_PROVIDED ENTRIES:_
[Start of Attachment]
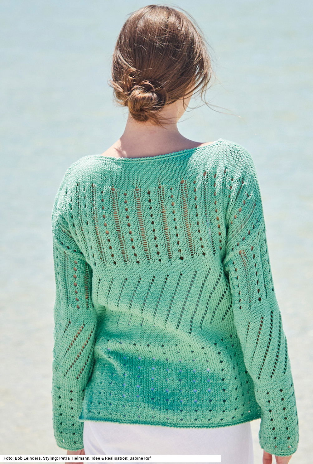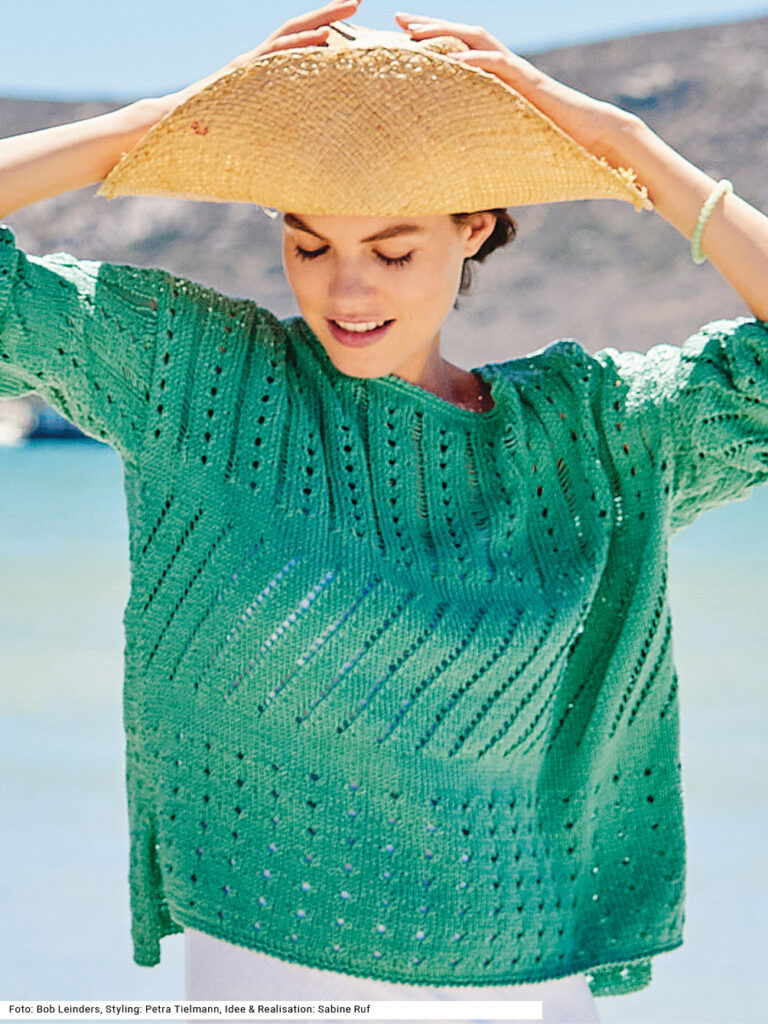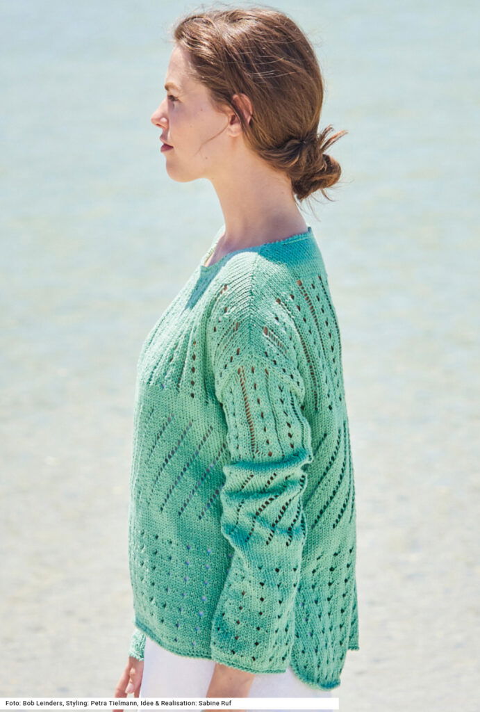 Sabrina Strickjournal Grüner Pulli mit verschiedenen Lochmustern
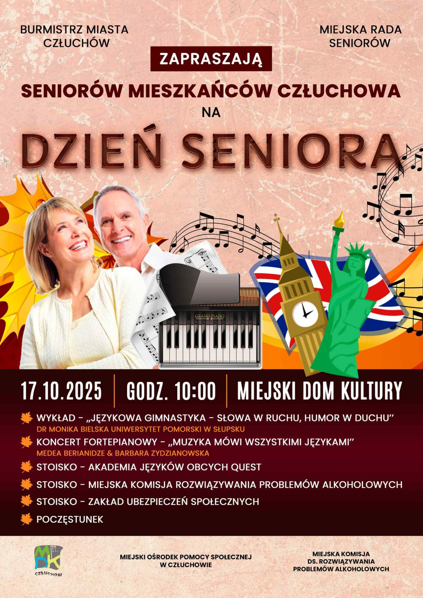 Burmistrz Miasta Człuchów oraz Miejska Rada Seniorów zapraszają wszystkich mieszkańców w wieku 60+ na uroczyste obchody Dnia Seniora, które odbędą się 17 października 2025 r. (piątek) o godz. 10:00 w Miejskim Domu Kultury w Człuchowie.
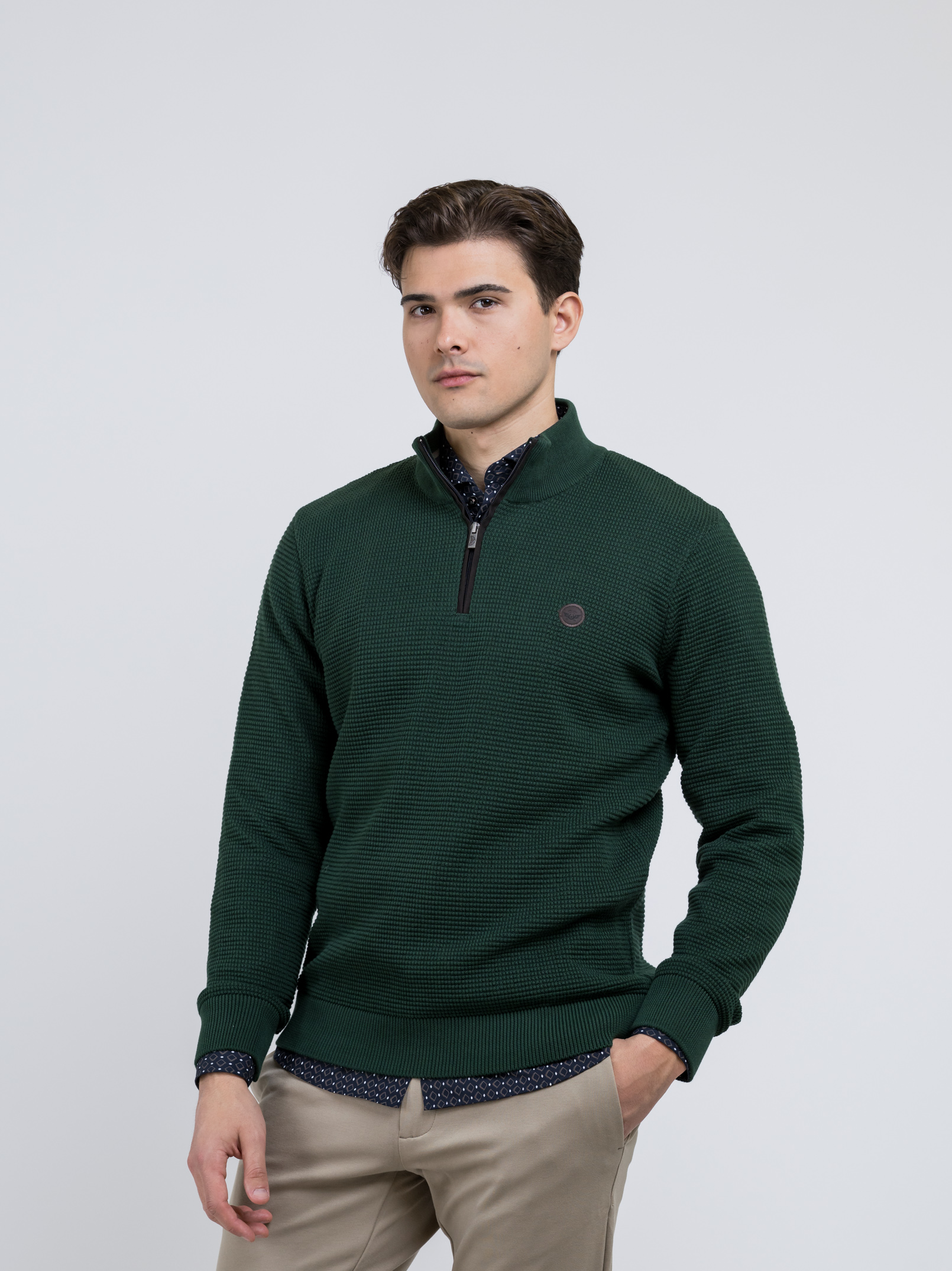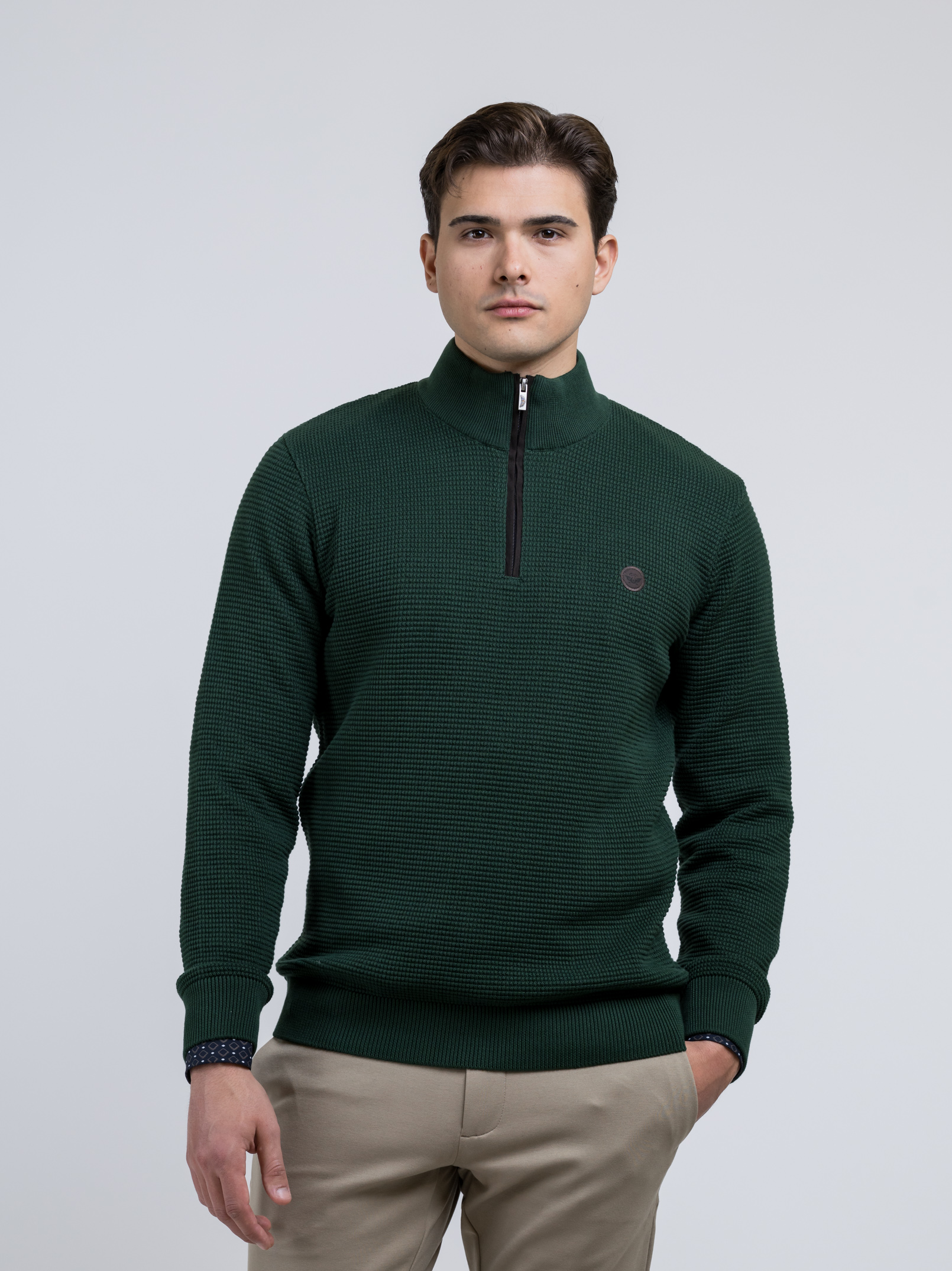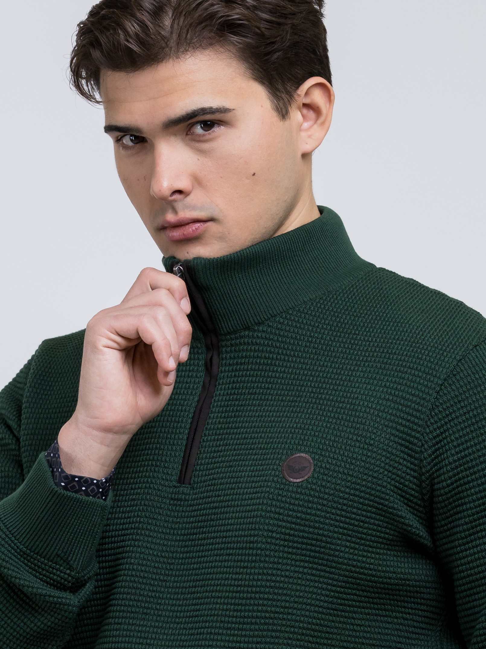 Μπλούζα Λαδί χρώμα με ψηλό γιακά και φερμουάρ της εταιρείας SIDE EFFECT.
[End of Attachment]
[Start of Attachment]
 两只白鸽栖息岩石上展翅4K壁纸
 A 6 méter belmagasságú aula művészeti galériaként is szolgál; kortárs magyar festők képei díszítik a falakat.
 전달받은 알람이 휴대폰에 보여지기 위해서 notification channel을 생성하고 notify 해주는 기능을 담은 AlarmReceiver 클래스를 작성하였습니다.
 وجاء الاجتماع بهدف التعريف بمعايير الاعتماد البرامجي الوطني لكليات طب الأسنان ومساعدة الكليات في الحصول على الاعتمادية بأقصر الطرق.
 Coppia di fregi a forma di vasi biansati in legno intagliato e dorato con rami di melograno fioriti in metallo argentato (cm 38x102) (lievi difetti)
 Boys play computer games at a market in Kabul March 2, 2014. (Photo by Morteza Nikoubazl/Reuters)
[End of Attachment]
_TO DO:_
Write out word for word the lines above that run from the one with "Sabrina Strickjournal Grüner" to the one with "Μπλούζα Λαδί χρώμα". Include both end lines; exclude the images.

_TASK OUTPUT:_
 Sabrina Strickjournal Grüner Pulli mit verschiedenen Lochmustern
 Burmistrz Miasta Człuchów oraz Miejska Rada Seniorów zapraszają wszystkich mieszkańców w wieku 60+ na uroczyste obchody Dnia Seniora, które odbędą się 17 października 2025 r. (piątek) o godz. 10:00 w Miejskim Domu Kultury w Człuchowie.
 Μπλούζα Λαδί χρώμα με ψηλό γιακά και φερμουάρ της εταιρείας SIDE EFFECT.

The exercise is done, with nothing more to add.